Emma Wall: Hello and welcome to the Morningstar series, "Why Should I Invest With You?" I'm Emma Wall and I'm joined today by Nick Williams, Head of Small Caps for Barings.
Hi, Nick.
Nick Williams: Good morning.
Wall: So, small caps is getting quite a lot of attention at the moment. It's a very popular sector and the contrarian investor might sort of play devil's advocate and say when a sector is popular that's not the time to invest. What do you say to that?
Williams: I think the devil's advocate often has a good point, but there are a few factors that are really quite positive for smaller companies at the moment. We only have to look at European GDP growth which after years of being virtually zero is slowly edging in the right direction. Business confidence is picking up. Valuations are not unattractive.
I'm saying that carefully because I don't want to overstate the attractions of valuations, but we are also seeing positive revisions to earnings forecasts. Now, this is an unusual thing in Europe. It hasn't happened for a long time. We're seeing companies actually upgrading their forecasts for this year's profits and that I think is the most compelling sign for European smaller companies.
Wall: How much is that sort of good news has already been priced in there because the last five years have been really exciting place to be in small caps, particularly in the U.K. but also the wider Europe.

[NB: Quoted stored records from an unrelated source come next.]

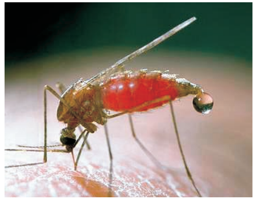
Figure 9. Anopheles freeborni.

but may bite during the day in deep shade. Females obtain blood meals from birds or mammals and can transmit diseases between these groups. They are active in spring through fall. They survive through the winter as adults in barns, culverts, caves, and similar dark, protected places.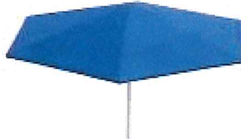
TF3306 Market Style Umbrella 8' Round without Valance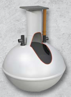
ALPHA SEPTIC TANK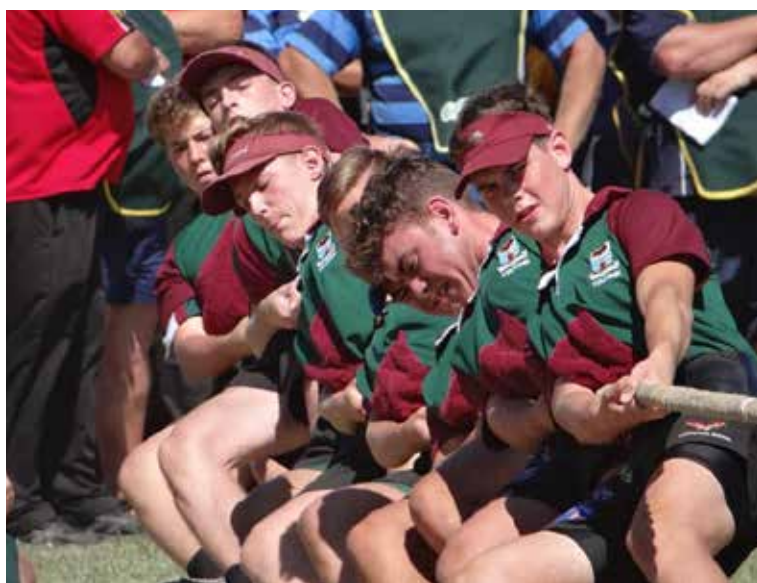
Above: 560 kg Juniors from Strand High School participating at the SA Junior Championships held in March 2020 just before the first Covid lockdown.

So, can we expect to see this rally continue?
Williams: Well, I would say the last five years in European small caps have been very good and indeed, the last 10 years have been very good. In fact, even if you look at the last 30 since the fund I run has been around for 30 years, we've been seeing annual returns of about 14% over the whole of those 30 years. So, it's a great place to invest, but I think that's partly a peculiarity of smaller companies themselves. If you can find the right ones then there are loads of opportunities and very interesting opportunities to make money.
Right now, are smaller companies attractive? I think they still are. I think that the valuations relative to larger companies in Europe are attractive and actually more attractive than they were a year ago because we are seeing these positive earnings revisions and this more positive turn in Europe.
And secondly, there are simply opportunities for smaller companies to grow their profits in excess of the speed at which larger companies can. So, the profit margins in smaller companies are still a bit depressed. They are still reflecting weak European conditions and that means that they have further to rebound and that's a positive sign.
Wall: You said a very key phrase there. You said if you can find the right ones. This is not to say, of course, that all small caps only go one way. It's one of those places where active management can really pay off, isn't it?
Williams: I think. I think when you look at the active managers in the space most of them have outperformed the index. In other words, unlike many other areas of the stock market investment you can see that the index is a tough competitor. Here my tough competitors are the other active managers. And yes, we all spend our time looking for the right bottom-up opportunities, partly because that's where you make money but also possibly just as importantly, if you get the wrong ones, you're going to lose a lot of money. So, it's certainly a dangerous place to be invested. And if you are not properly prepared, it could be a minefield.
Wall: You mentioned there that you're a bottom-up stock picker. That's not to say that you completely ignore what goes on in the macro, in the economy and of course, Europe is in recovery. Smaller caps do tend to be more domestically focused. So, are you looking for stocks that are going to benefit from this sort of Euro recovery story?
Williams: Only in a very general sort of way. As I said earlier and as you pointed out, what really matters are the companies themselves. If we find a company that has absolutely no relationship to the European economic recovery story but we like it and we think it's going to do well and its strategy is satisfactory and the company meetings are good, then we'll buy it.
So, we will take indicators from top-down macroeconomic themes or currency changes or for example, the development of the Internet in payment solutions. All those are potentially useful indicators, but how they get translated into the individual company is what really matters and that's why I always resist looking at themes because what I don't want to do is to be put into other people's buckets or chasing other people's ideas. What I want is for our portfolio to represent ideas that we think makes sense from a bottom-up perspective.
Wall: Nick, thank you very much.
Williams: Thank you.
Wall: This is Emma Wall for Morningstar. Thank you for watching.